O presidente da Comissão de Direitos Humanos e Minorias da Câmara dos Deputados, Helder Salomão (PT), considerou “mentirosa, sádica e um desrespeito aos princípios civilizatórios mínimos” a declaração do presidente Jair Bolsonaro (PSL) sobre o militante político Fernando Santa Cruz, pai do presidente nacional da Ordem dos advogados do Brasil (OAB), Felipe Santa Cruz, assassinado pela ditadura militar na década de 70.
Em nota, o parlamentar critica a postura de Bolsonaro e aponta que ele, “em tom de pouco caso, afirma que foram correligionários de Fernando Santa Cruz que o mataram, informação essa que teria obtido com pessoas que conversou à época. O ouvir-dizer contraria os documentos”.
De acordo com relatório do Ministério da Aeronáutica de 1978, Fernando Augusto de Santa Cruz Oliveira foi preso em 22 de fevereiro de 1974 no Rio de Janeiro. Já o relatório da Marinha de 1993 dá conta que ele teria sido preso no dia 23 de fevereiro de 1974.
São documentos oficiais levantados pela Comissão Nacional da Verdade. Fernando foi considerado desaparecido após estar sob a tutela do Estado. Duas hipóteses, baseadas em depoimentos de agentes públicos, são consideradas pela CNV: assassinato na sede do DOI-CODI/SP, com sepultamento no Cemitério de Perus; ou encaminhamento para a Casa da Morte, em Petrópolis, com posterior incineração em usina de açúcar.
A incineração de corpos, entre eles o Fernando Santa Cruz, foi confirmada pelo então delegado Cláudio Guerra, hoje pastor evangélico, em depoimento à Comissão da Verdade. A morte de Fernando também está registrada no livro Memória de uma Guerra Suja, com relatos de Guerra aos jornalistas Rogério Medeiros e Marcelo Netto.

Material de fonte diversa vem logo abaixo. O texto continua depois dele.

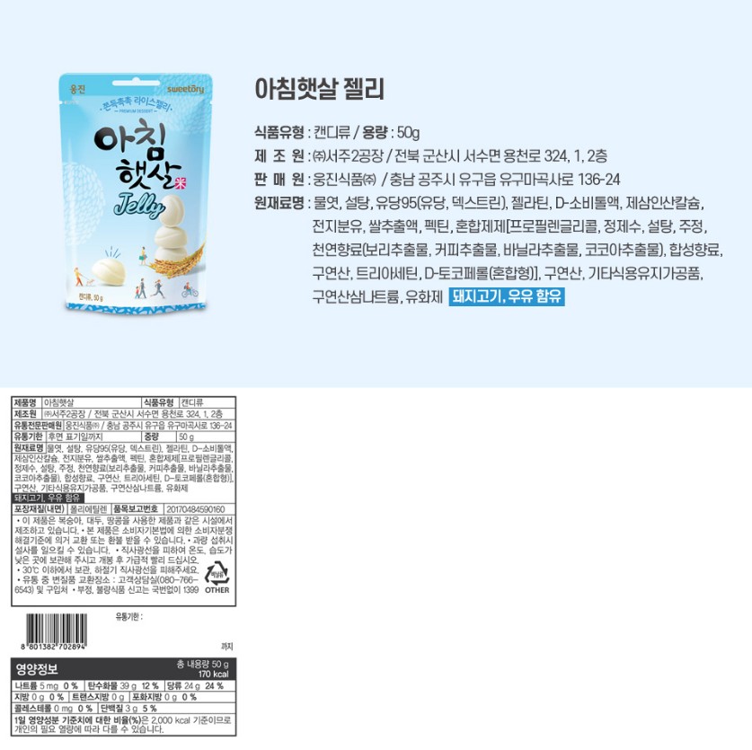 详细情报运营方针客户评论NOTICE* 商品外盒是为保护商品防止冲击而制作的,在包装/运输过程中可能会产生划痕及褶皱、变色等现象,该现象不能作为商品的退换理由。[WOONJIN] Morning sun jelly 50g*1EA 商品情报提供告示商品名 : [WOONJIN] Morning sun jelly 50g*1EA原产地 : Korea制造/进口 : 质量保证标准 : 依照相关法律及消费者纠纷解决规定AS中心热线 : Ktown4u, 02-552-0978

O local da incineração dos corpos, segundo depoimento de Cláudio Guerra, foi a usina Cambahyba, em Campos dos Goytacazes, Estado do Rio, da família de Heli Ribeiro Gomes. “O forno da usina era enorme, ideal para transformar em cinzas qualquer vestígio humano”, conta Cláudio Guerra no livro.
Helder Salomão explica que “dias antes às declarações de Bolsonaro, a Comissão Especial sobre Mortos e Desaparecidos Políticos atestou que Fernando Augusto de Santa Cruz Oliveira foi vítima de morte não natural, violenta, causada pelo Estado brasileiro, no contexto da perseguição sistemática e generalizada à população identificada como opositora política ao regime ditatorial de 1964 a 1985”.
Para o deputado, o Brasil é plural e tolerante; é construído por organizações da sociedade civil que defendem diferentes causas, por movimentos sociais organizados, por corporações profissionais, pela imprensa e por cidadãos, “diferente do traço antidemocrático, desumano e sádico da manifestação do presidente”.
E acrescenta: “Estou certo de que esta Comissão de Direitos Humanos, o Poder Legislativo, os órgãos públicos e as diversas expressões da sociedade civil brasileira não aceitarão que o Brasil se torne um país que transita entre as trevas e os porões”.